Ihr Unternehmen ist als KMU nicht zum CSRD-Reporting verpflichtet. Sie müssen also keine Informationen zur Auswirkung auf die Biodiversität offenlegen. Was bringt Ihr Engagement aus unternehmerischer Sicht?

Betriebswirtschaftlich hat es keinen Einfluss. Auch wenn die Biodiversität positiv auf unser Image einzahlt, die Maschinen müssen verkauft werden und sie müssen laufen. Dabei hilft uns leider auch kein noch so schöner Insektenvorgarten. Stand heute ist es sogar eher ein Wettbewerbsnachteil, weil man sich um Biodiversität kümmern und Zeit sowie Geld investieren muss. Als kleine Firma haben wir keinen Nachhaltigkeitsbeauftragten, also fällt das in mein Ressort. Nichtsdestotrotz finde ich es wichtig und richtig, die Biodiversität auch als Firma zu fördern, unabhängig von der Unternehmensgröße oder einer Reportingpflicht.

Wie messen oder bewerten Sie die Erfolge Ihrer Maßnahmen?

Wir sind GWÖ zertifiziert und haben somit eine nachvollziehbare Leistung erbracht. Das Problem ist, dass es neben dieser Zertifizierung für Gemeinwohl-Ökonomie viele weitere Zertifizierungen gibt und für Außenstehende oft unklar ist, welche Zertifizierung wofür steht und welche überhaupt miteinander vergleichbar sind. Dadurch sind die Bewertungen von Biodiversitätsbestrebungen momentan noch etwas unübersichtlich.

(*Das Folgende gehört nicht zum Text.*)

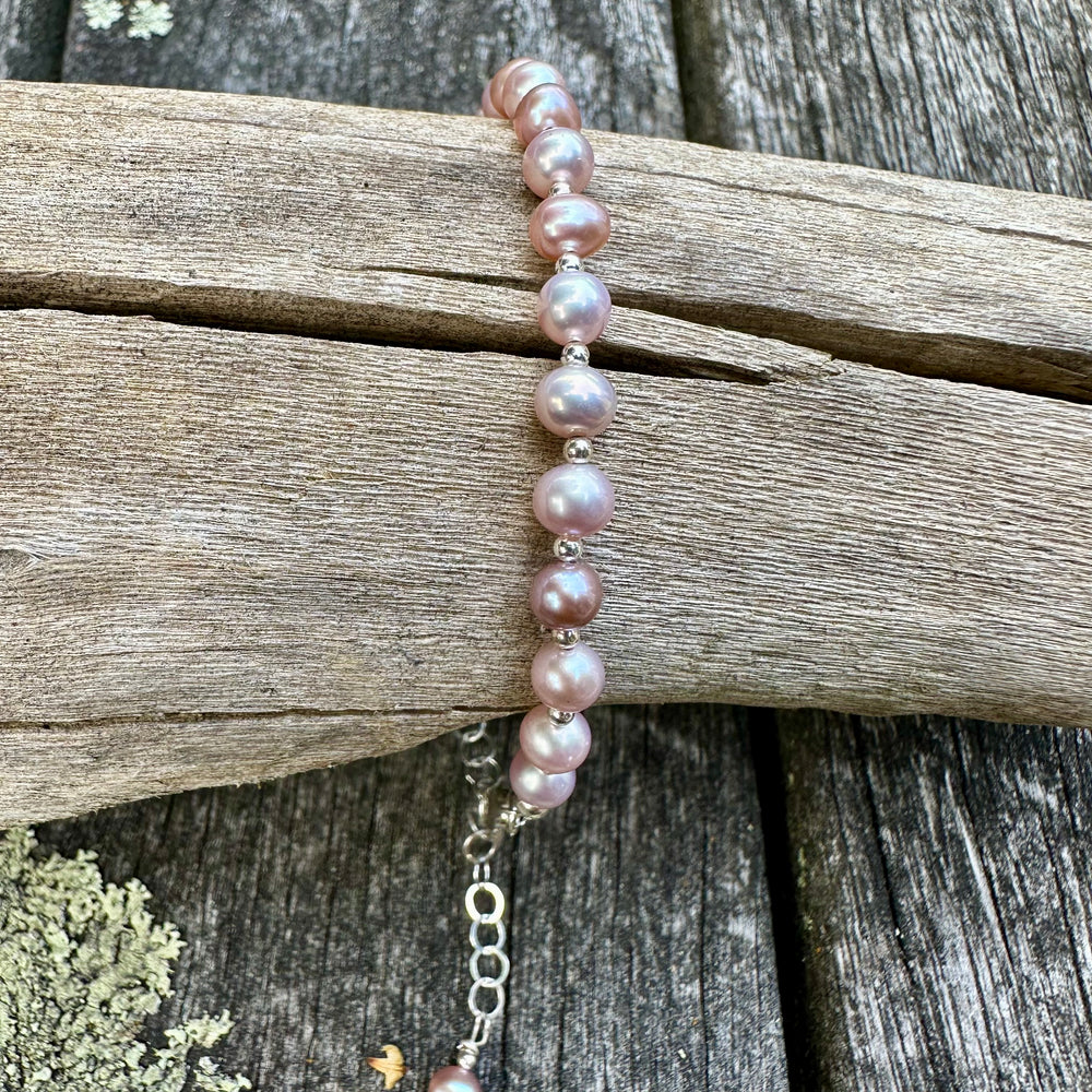 Small pink freshwater pearls with sterling silver spacers and findings.
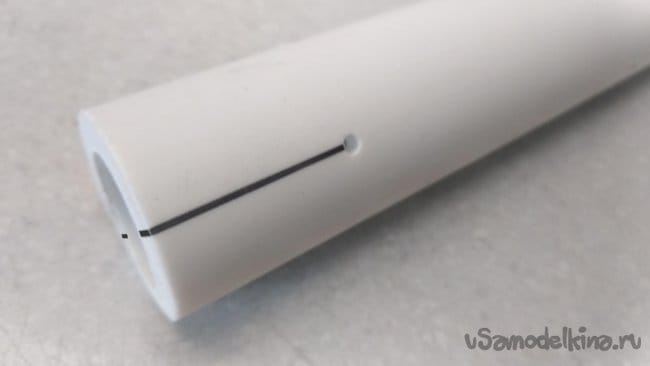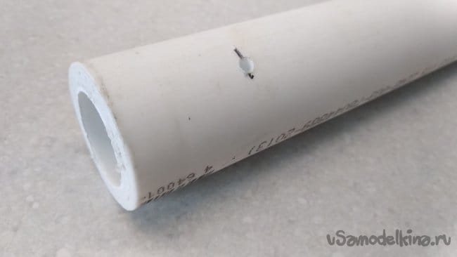 С одной стороны полипропиленовой трубы (ПП 32), на расстоянии 30 мм. от её края, разметить и просверлить сквозное отверстие (на весь диаметр трубы) Ø 3 мм.
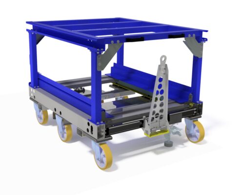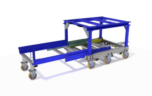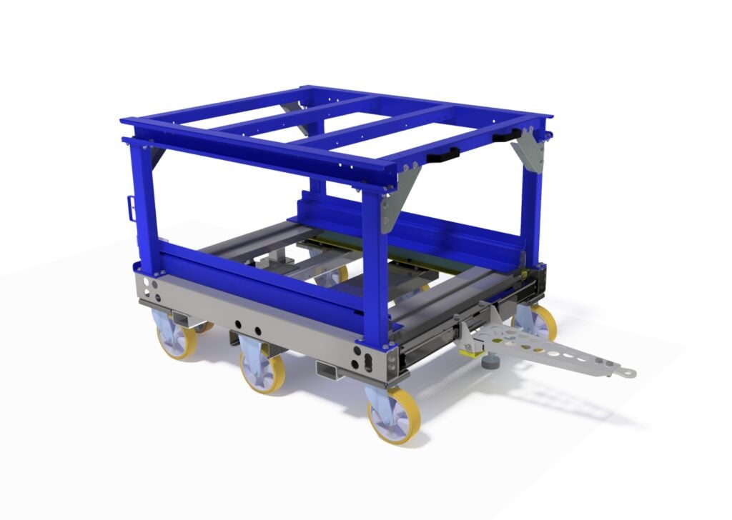 Vagnen kan enkelt anpassas efter behov och utrustas med antingen pall eller lådsystem – perfekt för olika typer av materialflöden.
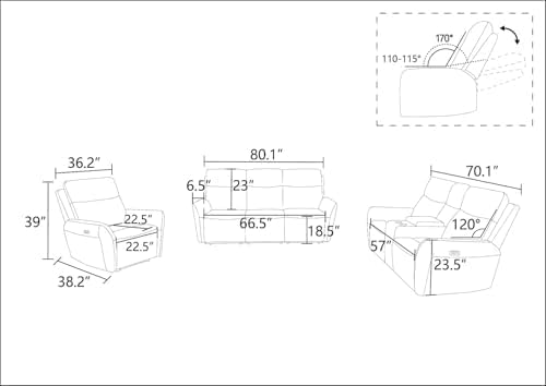 - Multifunctional Storage: Includes hidden storage compartments in the arms, seats, and sofa for small items. The ergonomic design tilts to 115-120° when closed and Can tilt to 160 -180 ° in extended state enhancing sitting comfort
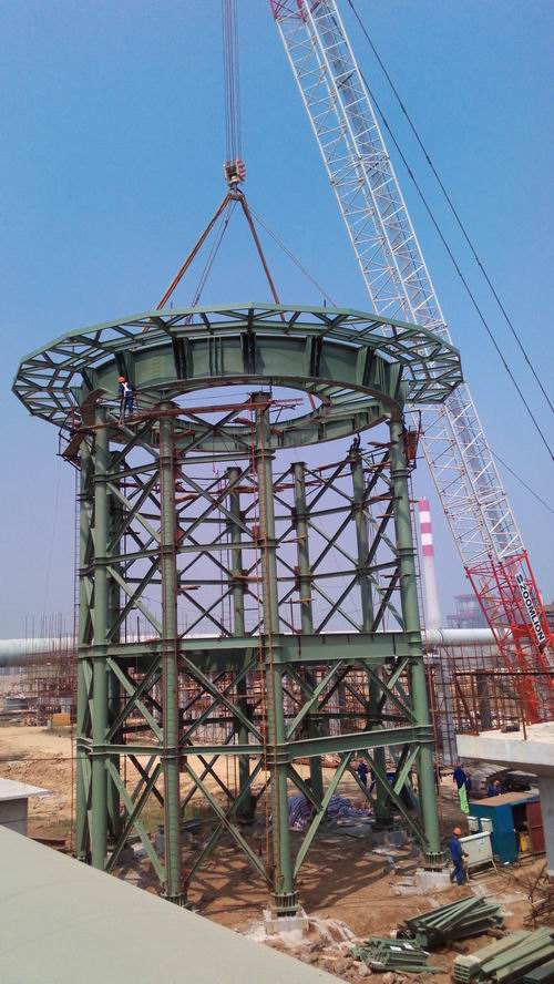 此次圈梁吊装是先将内外两组圈梁、连接辐梁、以及圈梁外平台在地面组对焊接完成后整体吊装。组装好的圈梁直径19米,重45吨,利用施工现场已有260吨履带吊直接整体吊装就位,打破了过去构件分件吊装的低效率传统模式。为了保证此次吊装的顺利进行,冶金公司参建人员进行了精确的计算和反复的论证,充分合理的利用现场已有条件,在保证安装质量的前提下,降低了成本投入,避免了交叉作业,减少了高空作业,大大提高了安全系数,加快了安装进程,吊装作业得到了业主和监理单位的一致好评。
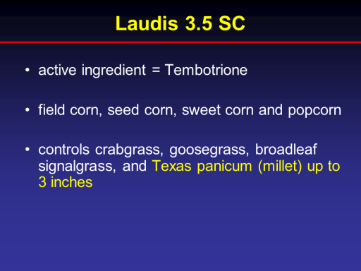 Laudis 3.5 SC<BR>active ingredient = Tembotrione <BR> <BR>field corn, seed corn, sweet corn and popcorn <BR> <BR>controls crabgrass, goosegrass, broadleaf signalgrass, and Texas panicum (millet) up to 3 inches <BR>
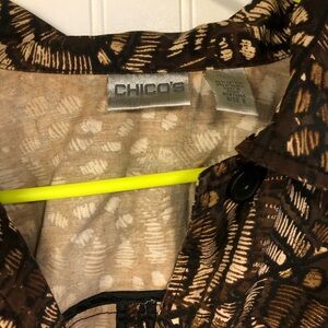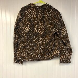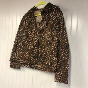 Chico’s Brown and Tan Patterned Jacket Button Closure Size 2 Large
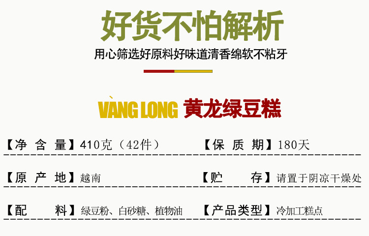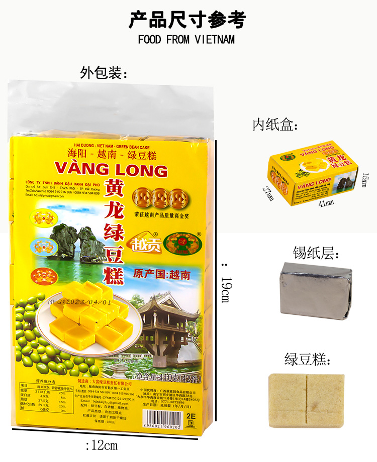 수입 베트남 황롱 녹콩 케이크 410g 맛있는 그물 빨간 간식 비스킷 과자 전문 레저 식품 도매
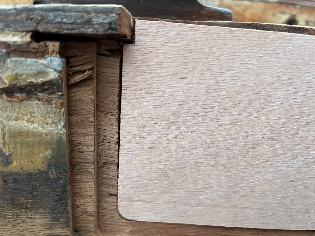 The next task was to get the laminates for the transom repair made, starting with the outermost. As this is the face that will be seen, it needs to be as perfect as possible. Grain going in the same direction as the wood surrounding it and with as few gaps around the edges as possible. This is not difficult, it just requires a bit of to and fro as you dial the size in to fit exactly. I normally cut the piece about 1mm too large, offer it up the the gap and cut off fractions until it fits exactly.
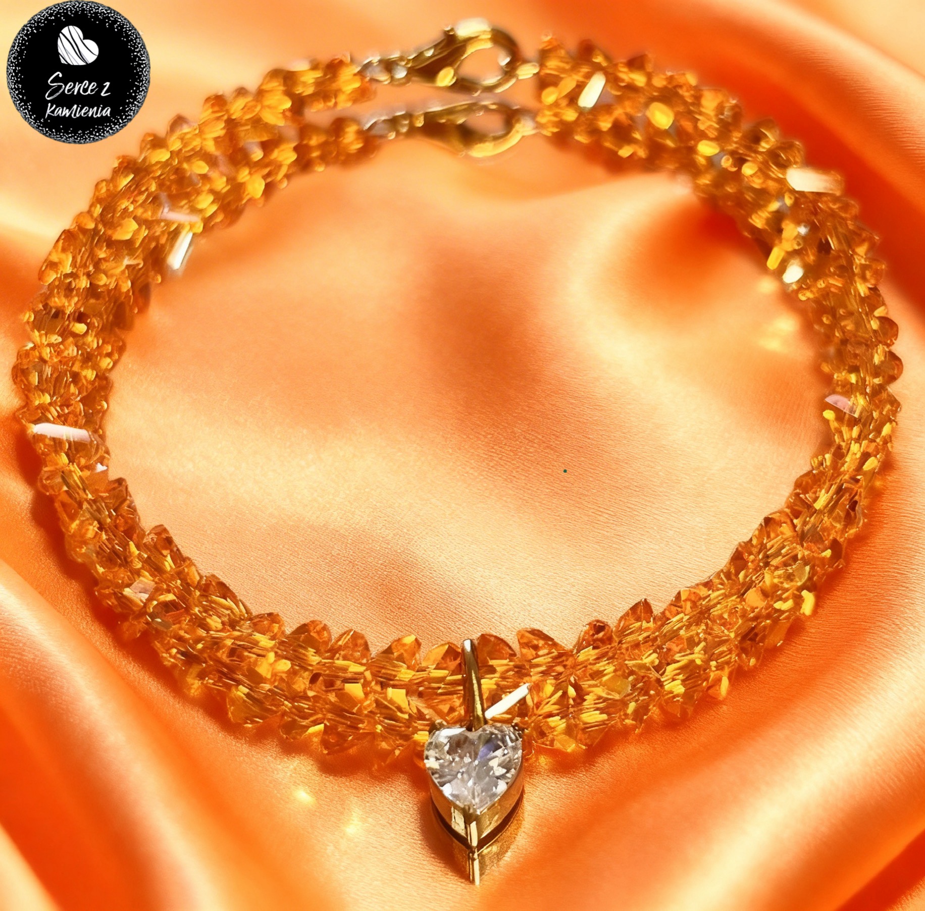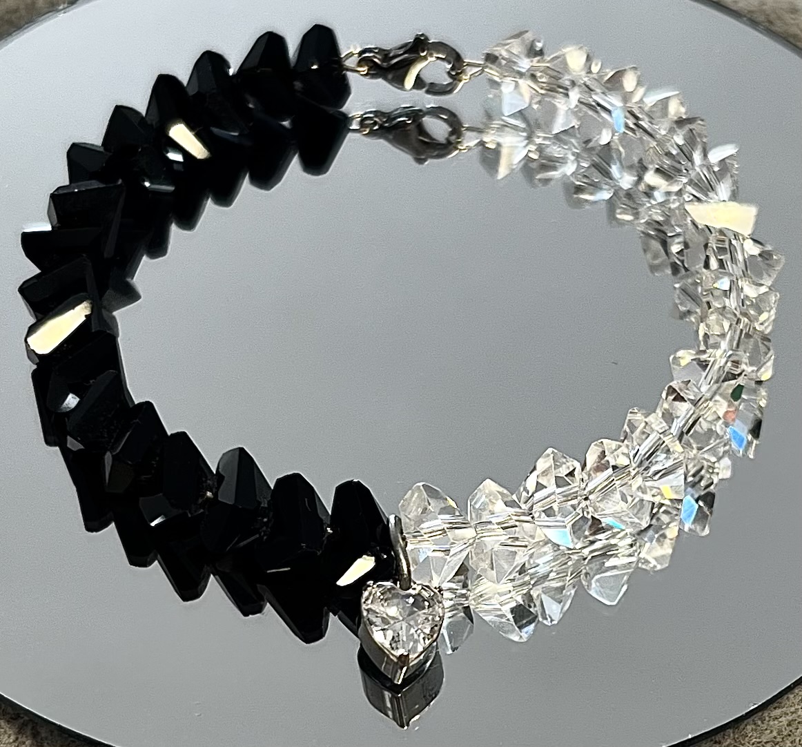 Bransoletka z czarnego i kryształowego szkła jubilerskiego z zawieszką – serduszko cyrkonia
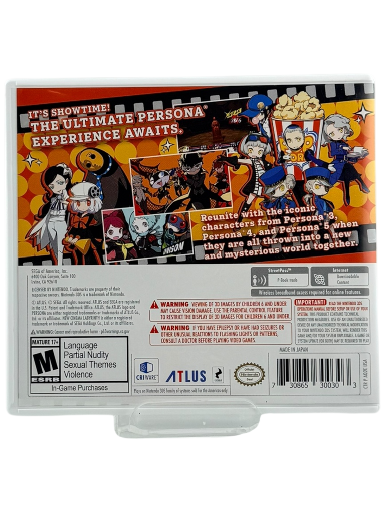This is a complete in box (CIB) copy of Persona Q2: New Cinema Labyrinth for Nintendo 3DS. The game includes the original cartridge, original case, and any originally included inserts or artwork. The cartridge has been tested and functions properly. The case and cover art show light to moderate shelf wear consistent with normal use, with no major damage unless otherwise noted. Please review the photos carefully for exact cosmetic condition and contents.

Was sind die nächsten Projekte?

Ich möchte auf dem gemeinsamen Firmengelände eine Fassaden-Begrünung mit schnell wachsenden Kletterpflanzen initiieren. Diese Pflanzen können einerseits das Gebäude besser verschatten und andererseits Lebensraum für Vögel und Insekten bieten. Dazu stimmen wir uns mit den Klima-Scouts unserer Partnerfirma ab, in deren Gebäude wir uns eingemietet haben. Wir werden mit unseren Biodiversitäts-Maßnahmen also nicht nur weiter in die Fläche, sondern künftig auch in die Höhe gehen.

Welche Rolle wird Biodiversität Ihrer Meinung nach für Firmen künftig spielen?

Biodiversität zu fördern, macht ein Unternehmen als Arbeitgeber attraktiv. Davon bin ich überzeugt. Mit einer solchen Unternehmensstrategie erreicht man vor allem die jüngere Generation. Wir können ihnen sagen, wir sind noch nicht perfekt, aber wir haben einen Ansatz. Somit kann die Biodiversitätsstrategie einer Firma künftig sogar zu einem wettbewerbsentscheidenden Faktor werden. Noch befinden wir uns aber ganz am Anfang dieses Weges.